Employers may want to consider ways to avoid the likelihood of being challenged on their rounding practices:

1.         Be transparent with employees: Employees should be informed of rounding practices. Done according to DOL rules, it is a lawful practice. The issue in this case is whether the legal practice had an unlawful impact.

2.         Pay attention to complaints from individuals that rounding is unfair: If you get a complaint, review your records to see if the individual benefited from the rounding practice over time. 

3.         Set the rounding process to always favor employees: Some companies choose to set up their rounding formula to always favor employees. Time is never rounded down. Other companies practice rounding in favor of the employee for start times and in favor of the employer for end-of-shift times. These practices are not unlawful if consistently and neutrally applied.

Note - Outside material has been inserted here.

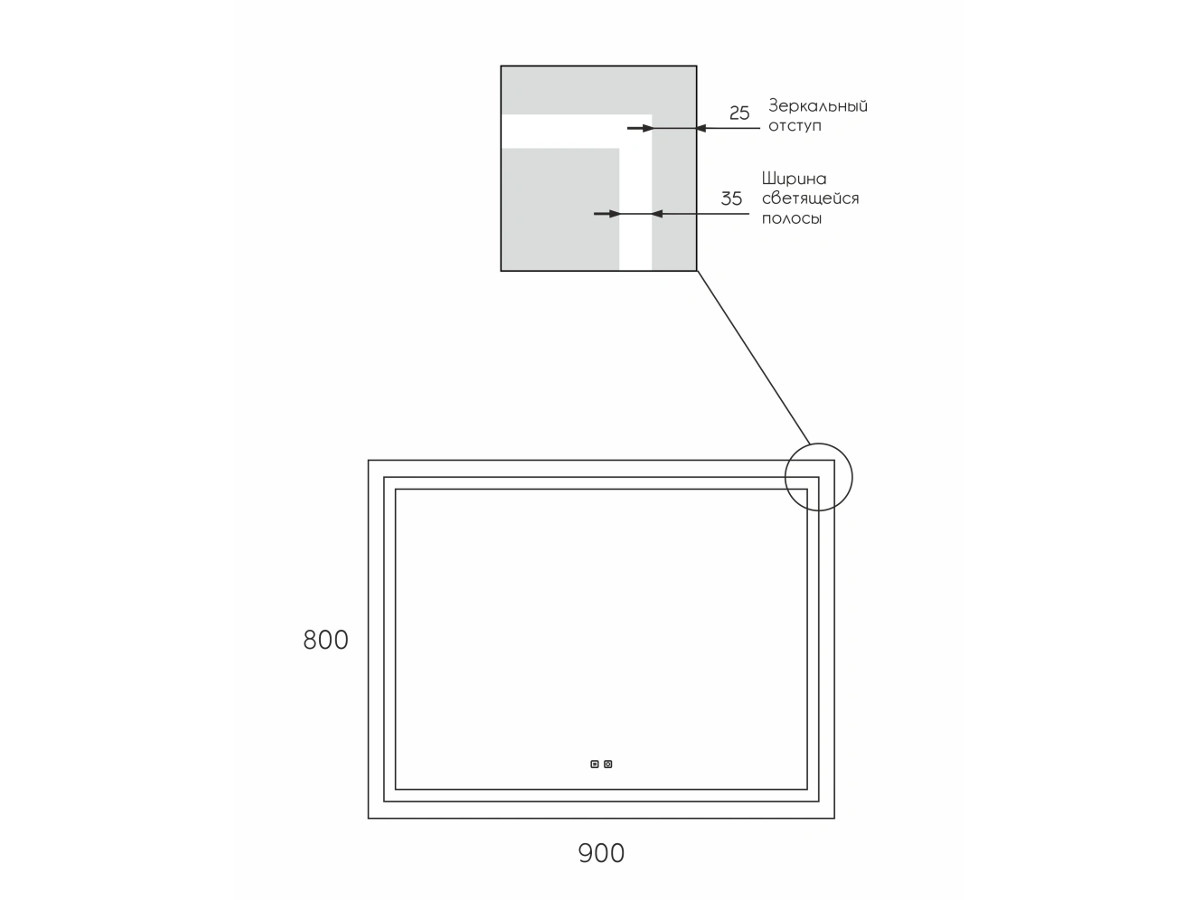Модель оснащена встроенной LED-подсветкой, сенсорным выключателем с диммером, который позволяет включить и отрегулировать яркость подсветки в одно касание.

4.         Periodically audit the impact of your rounding practice: Don’t wait to get sued to find out who is coming out ahead in the long term. Over a year or two, did the employer or the employees benefit from the practice? 

5.         Stop rounding: The rule allowing rounding of timekeeping was developed back in 1955, an age before automated timekeeping systems. The Eighth Circuit opinion pointed out that current computerized timekeeping systems make it easier for employers to pay based on actual reported hours. Rounding is no longer the business necessity it may have been decades ago.